Baltimore hasn’t switched over to the new format, and that’s been wonderfully suited to the slowburn trek of our titular soldier on his forever hunt for the vamp who ruined his life. But ‘the Infernal Train’ removes the slowburn. While another review I read was in favor of this sudden uptick in action, to me, it highlighted the heavy-handed flaws in Christopher Golden’s writing (flashbacks to an Archaia series he did with a similar sense of overwrought ‘literary’ seriousness as this mini… where we trade Bible and Nietzsche quotes as conversation) and rendered Stenbeck’s generally stoic, haunting art into something closer to modern day Cameron Stewart. Not a bad thing, it just felt simplified for the sake of capturing the action and lacked the weight of previous Balty books.

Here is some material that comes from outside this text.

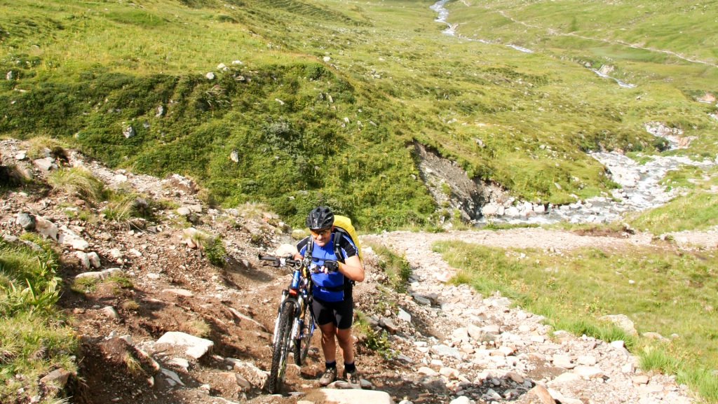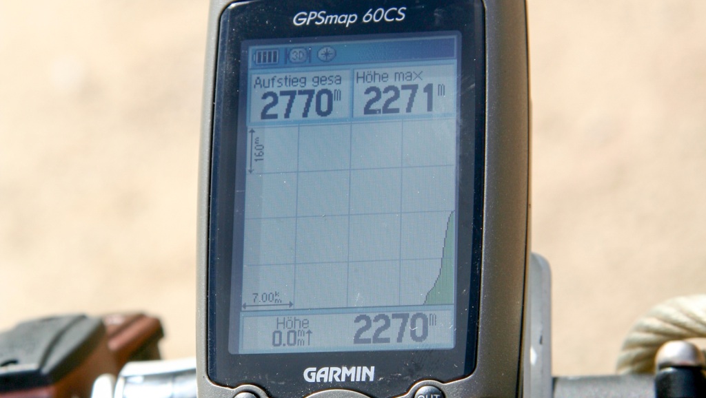 Jetzt wird es ernst: Sechs Kilometer bis auf 2.060 Meter, teils schieben, teils tragen – maximale Steigung laut Bikecomputer 33%! Meter für Meter, langsam, tief atmend, der Rucksack drückt mit sieben Kilogramm. Hier oben ist die Luft dünner, der Körper spürt jede Anstrengung. Kleine Felsbrocken zwingen zum Hochheben, natürliche Steintreppen zum Drücken. Pausen zwischendurch, um die grandiose Aussicht zu genießen, Fotos zu machen – jede Erinnerung zählt.

The three parter is something of a pause in the story, Baltimore forcing a confrontation with Duvic, during which he inadvertently stumbles into a clue from a previous story that he follows into what will be the next story arc. As Baltimore has been somewhat single-minded in his pusuit, only stopping when – along his travels – propriety demands, this divergence to justify what turns into a massive battle feels exactly like that description. I didn’t really get the point to structuring the tale this way, and the fortunate plot thread that Balty picks up is a particularly silly way to connect things. How this ties into my fears: the lack of necessity; extending the story only to leave us on a ‘cliffhanger’ that really hasn’t advanced or changed things much. Thankfully to this last point, the book manages to somewhat redeem itself, the Duvic storyline morphing in an unexpected way. But I still maintain that that could’ve been plotted in without the rerouting.
Some other bits bring the reading experience up to average: a pretty good comedic moment in book two; Duvic’s appearance is properly built up to; and though the battle seems to explode from out of nowhere, it has a properly frenetic feel to it.
With Abe Sapien and B.P.R.D. as ongoings, I hope they either wrap up Baltimore with the next arc and thus keep it fairly intact or at least keep it isolated into one shots and truly self-contained minis.